Learners gain fluency in essential networking principles, ensuring they can navigate IP addressing, routing, and key protocols (TCP, UDP, HTTP, DNS, etc.) with confidence. This module also covers advanced Open Source Intelligence (OSINT) techniques, teaching participants how to gather detailed insights from public data sources. Students practice locating critical metadata, scouring social media, and utilizing custom scanning scripts while continuously honing skills in stealth and ethical boundaries.

As students approach the culmination of their learning, the spotlight shifts to generating professional-grade pentest documentation. They practice structuring detailed vulnerability reports, risk prioritization, and remediation roadmaps. Furthermore, they learn to craft executive summaries that translate technical findings into strategic, business-relevant insights. Through peer review sessions and mentor feedback, participants refine their writing, presentation, and persuasion skills, ensuring they can effectively communicate with a broad range of stakeholders.

After covering the basics, learners deepen their understanding of reconnaissance, moving beyond simple scanning methods. They explore advanced open-source intelligence (OSINT) tactics, metadata analysis, and custom script development. Strategies for evading detection—such as circumventing Intrusion Detection Systems (IDS), Intrusion Prevention Systems (IPS), and honeypots—are examined in depth. Through practical exercises, students gather intelligence on a simulated corporate network, applying ethical limits to ensure safe and responsible information gathering.

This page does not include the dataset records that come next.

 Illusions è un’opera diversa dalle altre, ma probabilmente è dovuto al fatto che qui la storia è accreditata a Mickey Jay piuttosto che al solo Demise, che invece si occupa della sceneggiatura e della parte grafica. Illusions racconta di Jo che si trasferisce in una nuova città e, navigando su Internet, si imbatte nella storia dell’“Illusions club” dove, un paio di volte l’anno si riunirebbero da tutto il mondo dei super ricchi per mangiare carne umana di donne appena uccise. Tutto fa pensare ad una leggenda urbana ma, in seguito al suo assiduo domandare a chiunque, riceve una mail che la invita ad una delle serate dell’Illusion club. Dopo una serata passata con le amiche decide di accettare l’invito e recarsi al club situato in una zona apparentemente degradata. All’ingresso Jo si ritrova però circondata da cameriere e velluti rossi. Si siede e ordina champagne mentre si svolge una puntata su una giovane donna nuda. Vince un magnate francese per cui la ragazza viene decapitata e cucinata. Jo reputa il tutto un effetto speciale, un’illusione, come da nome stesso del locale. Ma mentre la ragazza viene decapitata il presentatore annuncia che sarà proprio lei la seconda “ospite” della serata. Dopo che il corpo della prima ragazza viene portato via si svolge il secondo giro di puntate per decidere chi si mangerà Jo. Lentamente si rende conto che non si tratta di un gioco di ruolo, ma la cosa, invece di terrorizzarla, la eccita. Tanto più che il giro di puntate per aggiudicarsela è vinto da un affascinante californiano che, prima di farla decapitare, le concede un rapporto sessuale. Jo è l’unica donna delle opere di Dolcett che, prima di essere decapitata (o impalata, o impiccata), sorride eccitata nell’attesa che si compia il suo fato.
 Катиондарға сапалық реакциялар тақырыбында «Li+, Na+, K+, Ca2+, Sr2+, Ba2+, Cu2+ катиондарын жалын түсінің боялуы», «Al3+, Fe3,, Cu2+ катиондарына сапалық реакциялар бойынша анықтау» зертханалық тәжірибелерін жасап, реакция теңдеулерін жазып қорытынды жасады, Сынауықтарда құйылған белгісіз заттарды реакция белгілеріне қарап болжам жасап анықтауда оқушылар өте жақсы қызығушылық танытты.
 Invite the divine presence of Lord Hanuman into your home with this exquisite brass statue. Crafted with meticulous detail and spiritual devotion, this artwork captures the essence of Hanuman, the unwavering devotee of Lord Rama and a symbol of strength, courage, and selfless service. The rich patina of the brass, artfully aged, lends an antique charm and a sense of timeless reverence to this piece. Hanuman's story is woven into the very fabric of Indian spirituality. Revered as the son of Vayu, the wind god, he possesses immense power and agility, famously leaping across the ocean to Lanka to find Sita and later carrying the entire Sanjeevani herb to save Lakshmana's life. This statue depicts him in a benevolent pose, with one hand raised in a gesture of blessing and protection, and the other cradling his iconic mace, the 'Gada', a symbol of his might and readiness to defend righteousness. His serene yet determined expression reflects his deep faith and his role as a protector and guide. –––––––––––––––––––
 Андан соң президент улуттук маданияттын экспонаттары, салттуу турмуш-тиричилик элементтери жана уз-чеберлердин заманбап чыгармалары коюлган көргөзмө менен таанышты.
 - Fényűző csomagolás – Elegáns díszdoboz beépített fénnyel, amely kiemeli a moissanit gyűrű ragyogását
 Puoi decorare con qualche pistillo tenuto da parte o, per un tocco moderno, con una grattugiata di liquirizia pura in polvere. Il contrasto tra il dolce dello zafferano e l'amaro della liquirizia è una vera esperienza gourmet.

Focusing on network-layer attacks, this module explores classic and emerging exploits used against common services and protocols. Students learn how threat actors bypass firewalls and intrusion prevention solutions through fragmentation, tunneling, and encryption-based stealth. They also practice forging traffic and using custom-coded payloads to slip past network defenses. By dissecting real-world case studies of network breaches, learners gain insight into practical evasion tactics used by adversaries.

In addition to relying on automated tools—such as Nessus, OpenVAS, and custom scanners—students develop an understanding of manual verification methods to reduce false positives. They learn how to integrate scan results into vulnerability databases, assign accurate risk scores, and prioritize findings for exploitation. The labs help learners create efficient scanning workflows, combine multiple tool outputs, and document vulnerabilities in a standardized format.

In this advanced sequel, participants tackle modern defense mechanisms such as Address Space Layout Randomization (ASLR), Data Execution Prevention (DEP), and Control Flow Guard (CFG). They refine their exploit code to circumvent these protections, using return-oriented programming (ROP) and other sophisticated techniques. Through guided lab exercises, learners gain the experience needed to modify publicly available exploits for real-world scenarios and strengthen their reverse-engineering and debugging capabilities.

Shifting focus to the post-exploitation phase, this module examines how attackers solidify their foothold, escalate privileges, and move laterally in compromised networks. Participants study various persistence methods, including services, scheduled tasks, and kernel-level backdoors, on both Windows and Linux systems. In addition, they test multi-stage attacks using proxy chains, SSH tunneling, and custom pivot scripts. Realistic lab environments present segmented networks and Active Directory setups, challenging students to maintain stealth as they traverse different trust boundaries.

This first deep dive into web security covers essential concepts from the OWASP Top 10, including SQL injection, cross-site scripting (XSS), cross-site request forgery (CSRF), and insecure direct object references (IDOR). Students learn how to intercept and manipulate traffic using Burp Suite, methodically test authentication and session management, and identify common misconfigurations. Labs feature vulnerable web applications that reinforce systematic testing processes and the creation of detailed proof-of-concept exploits.

Moving into the cloud, participants learn to analyze misconfigurations in popular platforms (AWS, Azure, GCP) and examine Identity and Access Management (IAM) pitfalls. Detailed labs reveal how attackers exploit overly permissive roles, exposed secrets, and unprotected storage buckets. Container security is explored more extensively, covering escape techniques, insecure registry setups, and cluster misconfigurations in orchestrators like Kubernetes. By the end, learners can effectively uncover security lapses within modern, containerized infrastructures.

To solidify and showcase their expanded knowledge, students undertake an extended Capstone Project spanning multiple modules. In a fully simulated environment, they conduct a complete penetration test that integrates all learned concepts—from recon and exploitation to post-exploitation, lateral movement, and reporting. This includes a strong emphasis on advanced or novel threat scenarios, such as container breakouts or targeted social engineering. Regular mentor check-ins and peer collaboration foster continuous improvement and reflection.

In the concluding module, participants present their Capstone findings, offering detailed walk-throughs of their engagements and discussing remediation recommendations. This final stage features constructive critiques from instructors, enabling students to finalize their reports and sharpen their communication prowess. The course concludes with guidance on career advancement, certification options, and professional networking opportunities. Graduates leave equipped not only with comprehensive pentesting expertise but also with a robust portfolio piece and the confidence to excel in a rapidly evolving cybersecurity landscape.